**Try it**
Within the records below, find the line with "Un orza, contra" and the line with "Chiesa di San Francesco", then reproduce exactly those two lines and all lines between them, without any picture.

**Records for the task**
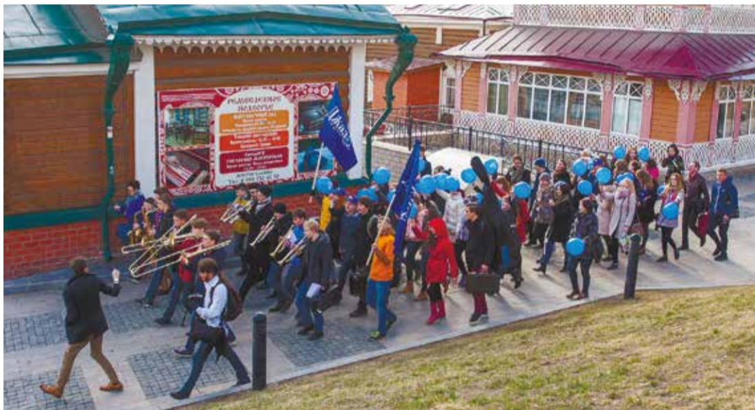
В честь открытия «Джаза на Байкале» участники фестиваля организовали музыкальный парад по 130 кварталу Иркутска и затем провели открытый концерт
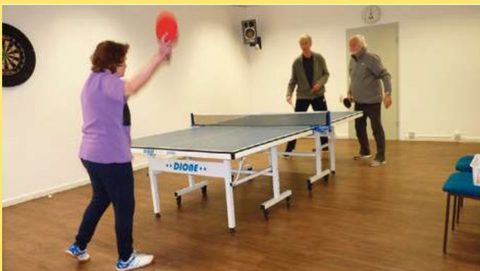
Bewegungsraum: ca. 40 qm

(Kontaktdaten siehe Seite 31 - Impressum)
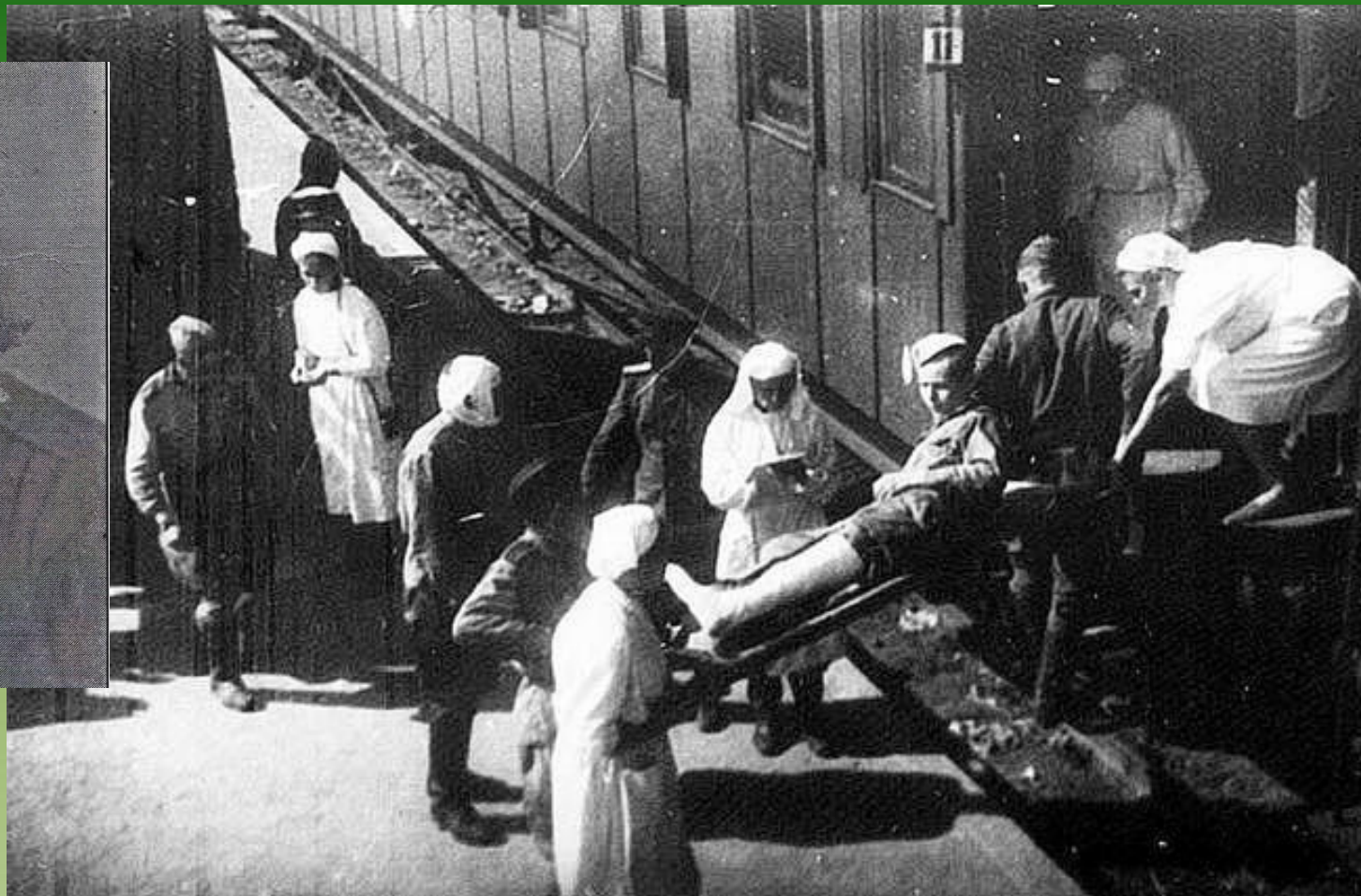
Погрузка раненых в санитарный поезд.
* * *
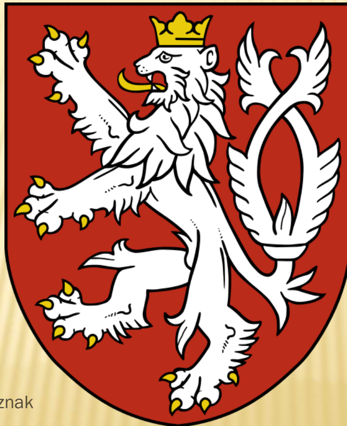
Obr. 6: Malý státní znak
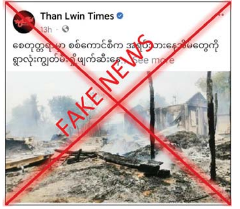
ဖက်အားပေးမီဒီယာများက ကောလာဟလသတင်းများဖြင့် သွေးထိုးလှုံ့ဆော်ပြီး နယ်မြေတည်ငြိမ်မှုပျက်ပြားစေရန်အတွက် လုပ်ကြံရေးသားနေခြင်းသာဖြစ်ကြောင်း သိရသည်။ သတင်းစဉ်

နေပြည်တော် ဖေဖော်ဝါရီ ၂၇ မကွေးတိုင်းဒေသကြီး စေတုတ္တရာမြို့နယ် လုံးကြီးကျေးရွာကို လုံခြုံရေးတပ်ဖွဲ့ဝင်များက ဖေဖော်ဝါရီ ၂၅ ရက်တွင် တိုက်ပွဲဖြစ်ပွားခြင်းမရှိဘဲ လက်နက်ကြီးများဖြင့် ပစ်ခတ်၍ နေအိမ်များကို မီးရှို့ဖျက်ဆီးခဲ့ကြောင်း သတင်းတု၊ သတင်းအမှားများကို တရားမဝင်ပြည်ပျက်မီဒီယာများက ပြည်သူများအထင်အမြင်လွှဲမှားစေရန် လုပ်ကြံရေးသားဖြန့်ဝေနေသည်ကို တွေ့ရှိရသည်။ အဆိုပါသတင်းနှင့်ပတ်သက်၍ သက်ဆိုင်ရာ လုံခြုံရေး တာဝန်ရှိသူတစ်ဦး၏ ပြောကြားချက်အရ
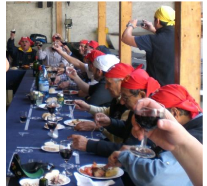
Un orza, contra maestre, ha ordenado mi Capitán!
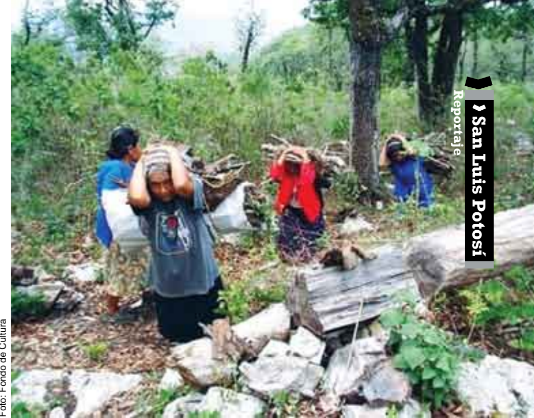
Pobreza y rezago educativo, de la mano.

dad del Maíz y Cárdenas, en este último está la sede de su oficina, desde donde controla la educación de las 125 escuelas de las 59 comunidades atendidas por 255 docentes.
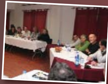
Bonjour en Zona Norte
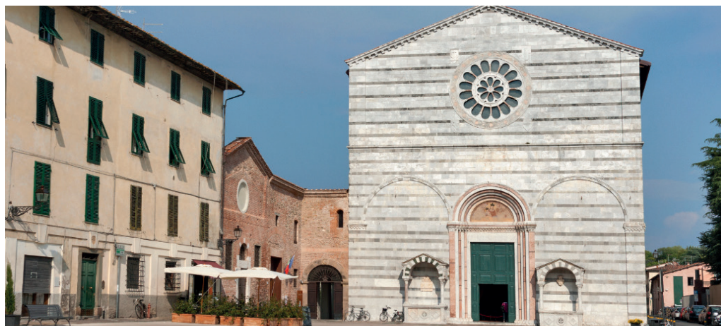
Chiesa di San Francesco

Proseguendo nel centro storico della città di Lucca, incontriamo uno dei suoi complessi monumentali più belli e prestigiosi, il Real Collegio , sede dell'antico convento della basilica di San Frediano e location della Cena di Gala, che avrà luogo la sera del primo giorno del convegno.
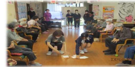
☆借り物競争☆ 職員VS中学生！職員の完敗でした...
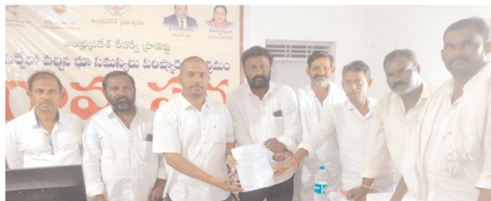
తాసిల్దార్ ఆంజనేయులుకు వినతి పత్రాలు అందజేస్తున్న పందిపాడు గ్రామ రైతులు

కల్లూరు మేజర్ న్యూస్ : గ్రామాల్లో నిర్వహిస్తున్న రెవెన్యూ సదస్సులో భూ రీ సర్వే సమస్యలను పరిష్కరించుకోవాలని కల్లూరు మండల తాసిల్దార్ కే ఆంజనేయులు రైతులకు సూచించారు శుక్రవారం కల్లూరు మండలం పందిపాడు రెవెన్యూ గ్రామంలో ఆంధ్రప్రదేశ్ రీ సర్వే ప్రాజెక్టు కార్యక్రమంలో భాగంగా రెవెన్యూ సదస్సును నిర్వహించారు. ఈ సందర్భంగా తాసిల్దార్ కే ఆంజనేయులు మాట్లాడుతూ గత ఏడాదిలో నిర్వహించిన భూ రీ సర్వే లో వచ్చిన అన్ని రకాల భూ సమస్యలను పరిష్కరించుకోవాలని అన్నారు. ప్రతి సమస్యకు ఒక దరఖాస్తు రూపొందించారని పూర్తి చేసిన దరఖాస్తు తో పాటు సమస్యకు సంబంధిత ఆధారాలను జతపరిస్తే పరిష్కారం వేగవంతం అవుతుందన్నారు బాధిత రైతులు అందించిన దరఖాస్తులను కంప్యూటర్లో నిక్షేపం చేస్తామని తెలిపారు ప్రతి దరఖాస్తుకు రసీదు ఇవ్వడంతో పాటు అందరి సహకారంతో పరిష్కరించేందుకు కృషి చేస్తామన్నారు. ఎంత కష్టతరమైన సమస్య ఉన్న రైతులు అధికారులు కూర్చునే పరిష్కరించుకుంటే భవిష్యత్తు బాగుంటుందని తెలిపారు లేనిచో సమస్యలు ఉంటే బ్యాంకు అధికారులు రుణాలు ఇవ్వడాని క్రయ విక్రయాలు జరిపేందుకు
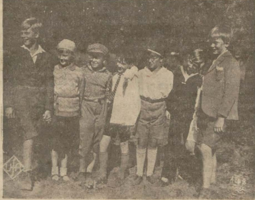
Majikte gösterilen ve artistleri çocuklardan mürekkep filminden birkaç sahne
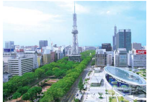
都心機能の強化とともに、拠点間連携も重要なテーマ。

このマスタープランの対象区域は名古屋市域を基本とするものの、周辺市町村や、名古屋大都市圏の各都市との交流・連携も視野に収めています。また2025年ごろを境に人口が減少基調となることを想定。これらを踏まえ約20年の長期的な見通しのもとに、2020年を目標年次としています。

**Answer section**
Un orza, contra maestre, ha ordenado mi Capitán!
Pobreza y rezago educativo, de la mano.

dad del Maíz y Cárdenas, en este último está la sede de su oficina, desde donde controla la educación de las 125 escuelas de las 59 comunidades atendidas por 255 docentes.
Bonjour en Zona Norte
Chiesa di San Francesco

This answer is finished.